As the material of the piezoelectric layer 123, zinc oxide (ZnO), aluminum nitride (AlN), doped aluminum nitride, lead zirconate titanium, quartz and the like can be selectively used. In the case of doped aluminum nitride, rare earth metals, transition metals or alkali earth metals can be further included. Rare earth metals can include at least one of styrene (Sc), erbium (Er), yttrium (Y) and ruthenium (La). Transition metals can include at least one of uranium (Hf), titanium (Ti), zirconium (Zr), tantalum (Ta) and niobium (Nb). In addition, alkali earth metals can include magnesium (Mg).

In order to improve the piezoelectric properties, when the content of the element doped with aluminum nitride (AlN) is less than 0.1 atomic %, piezoelectric properties higher than aluminum nitride (AlN) cannot be achieved. When the content of the element exceeds 30 atomic %, it is difficult to manufacture and control the composition used for deposition, so that uneven or undesirable crystalline phases may be formed.

Therefore, in the embodiment of the present invention, the content of the element doped with aluminum nitride (AlN) is in the range of 0.1 atomic % to 30 atomic %.

In the embodiment of the present invention, the piezoelectric layer is doped with piezoelectric (Sc) in aluminum nitride (AlN). In this case, the piezoelectric constant can be increased to increase the K _t ² of the acoustic wave resonator. However, the configuration of the present invention is not limited thereto.

The piezoelectric layer 123 according to the embodiment of the present invention includes a piezoelectric portion 123a disposed in the central portion S and a bent portion 123b disposed in the extended portion E.

The piezoelectric portion 123a is a portion directly stacked on the upper surface of the first electrode 121. Therefore, the piezoelectric portion 123a is inserted between the first electrode 121 and the second electrode 125 to form a flat shape together with the first electrode 121 and the second electrode 125.

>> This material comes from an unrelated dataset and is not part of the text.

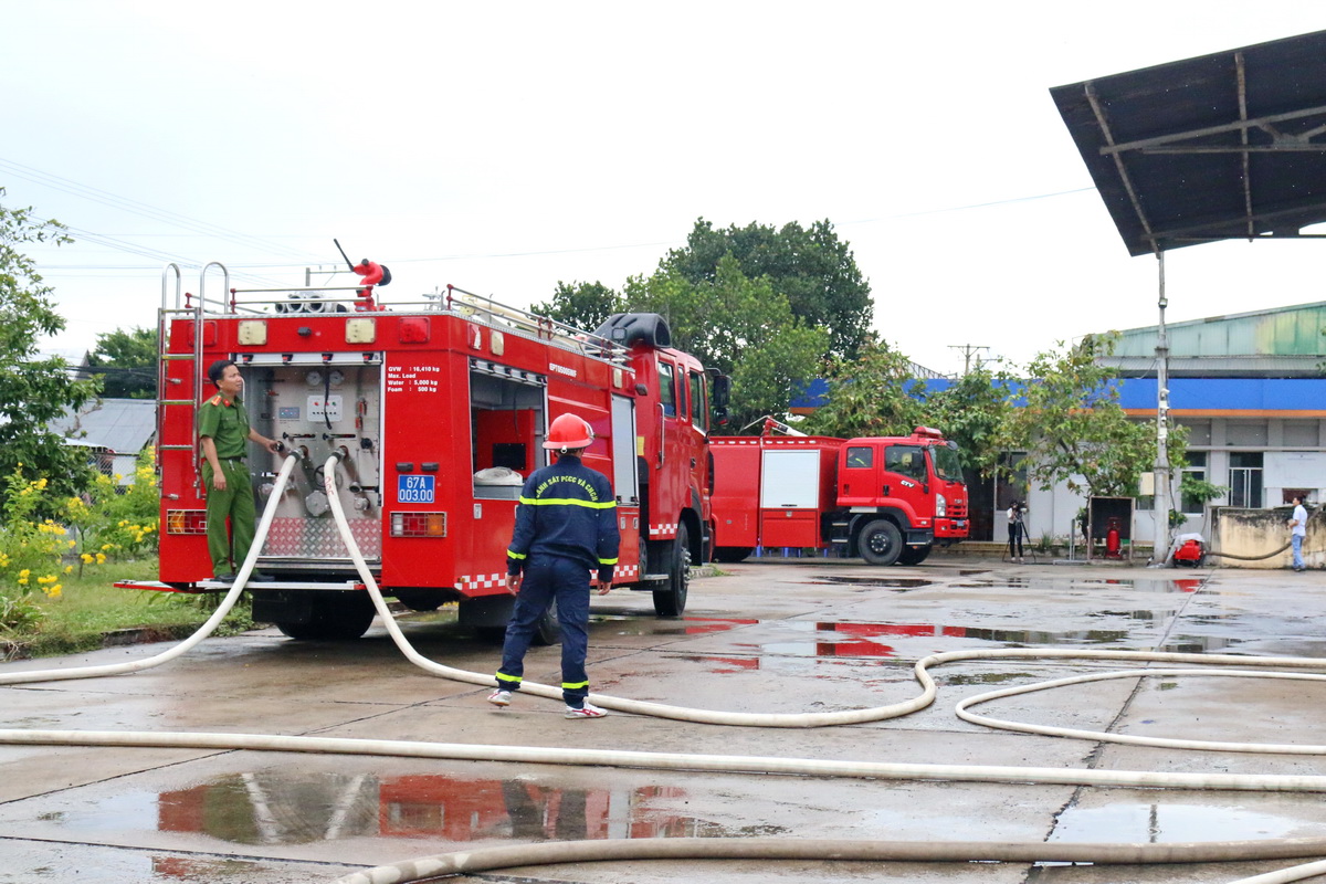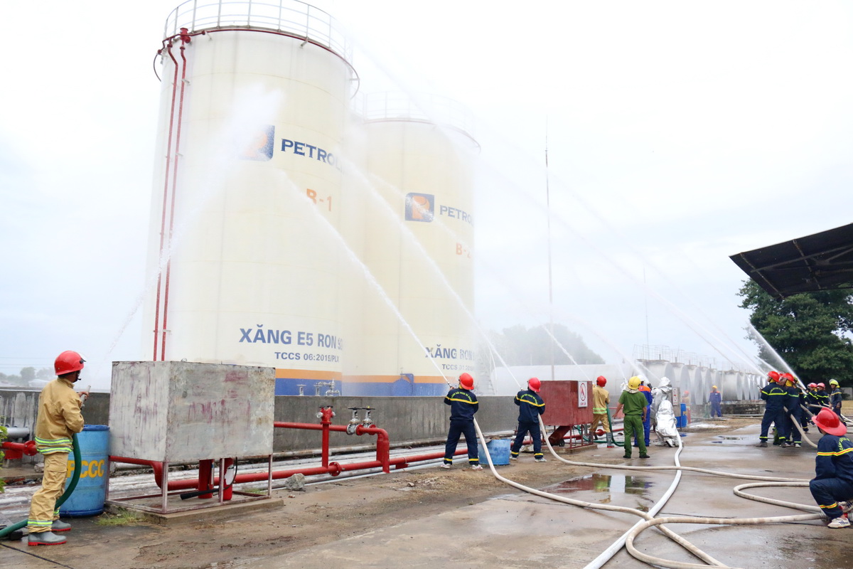 Tình huống giả định lúc 15h00 ngày 02.08.2019, xảy ra vụ cháy do quá trình xuất xăng, dầu bị rò rỉ đường ống tại bể trụ đứng B2 chứa xăng, xảy ra sự cố cháy, khả năng phát triển của đám cháy càng lớn, ngọn lửa nhanh chóng bao trùm khu vực bể chứa B2 và khả năng cháy lan sang khu vực bể trụ đứng B1. Dưới tác dụng của nhiệt độ và bức xạ nhiệt từ vùng cháy tỏa ra nhiều khói, khí độc, nhiệt độ tăng nhanh và cao dẫn đến cháy lan, cháy lớn gây khó khăn cho công tác cứu người, cứu tài sản và chữa cháy.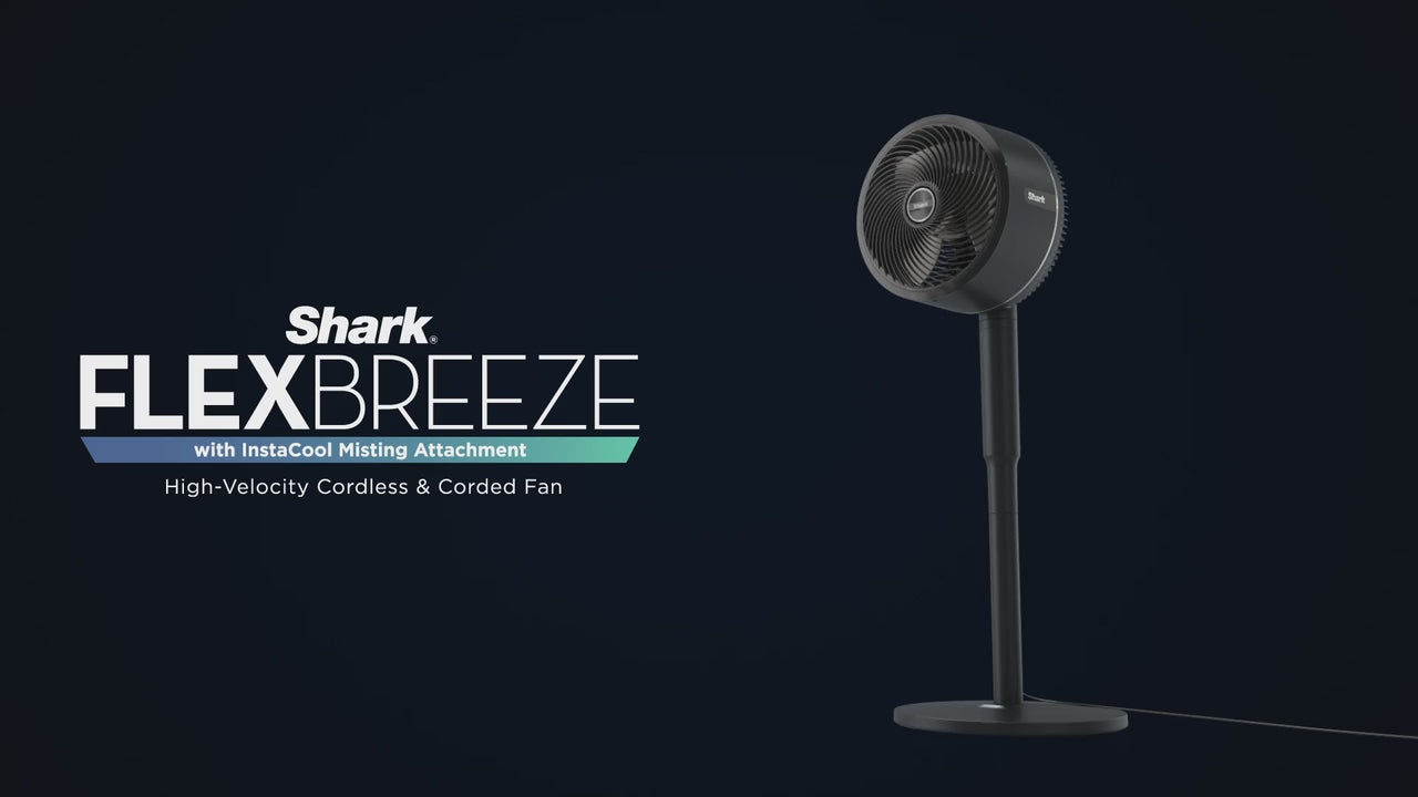 • Shark FlexBreeze Hybrid Indoor & Outdoor Fan with cover, pedestal stand, remote controller & InstaCool Misting Attachment

The bent portion 123b can be understood as a region extending from the piezoelectric portion 123a to the outside and positioned in the extension portion E.

The bent portion 123b is disposed on the insertion layer 170 to be described later, and is formed into a shape in which the upper surface is raised along the shape of the insertion layer 170. Therefore, the piezoelectric layer 123 is bent at the boundary between the piezoelectric portion 123a and the bent portion 123b, and the bent portion 123b is raised corresponding to the thickness and shape of the insertion layer 170.

The bent portion 123b can be divided into an inclined portion 1231 and an extended portion 1232.

The inclined portion 1231 refers to a portion inclined along the inclined surface L of the insertion layer 170 to be described later. The extended portion 1232 refers to a portion extending from the inclined portion 1231 to the outside.

The inclined portion 1231 is formed parallel to the inclined surface L of the insertion layer 170, and the inclined angle of the inclined portion 1231 can be formed to be the same as the inclined angle of the inclined surface L of the insertion layer 170.

The insertion layer 170 is disposed along a surface formed by the membrane layer 15, the first electrode 121, and the etching stop portion 145. Therefore, the insertion layer 170 is partially disposed in the resonator 120 and disposed between the first electrode 121 and the piezoelectric layer 123.

The insertion layer 170 is arranged around the central portion S to support the curved portion 123b of the piezoelectric layer 123. Therefore, the curved portion 123b of the piezoelectric layer 123 can be divided into an inclined portion 1231 and an extended portion 1232 along the shape of the insertion layer 170.

The insertion layer 170 is disposed in an area other than the central portion S. For example, the insertion layer 170 may be disposed on the substrate 110 in the entire area other than the central portion S or in some areas.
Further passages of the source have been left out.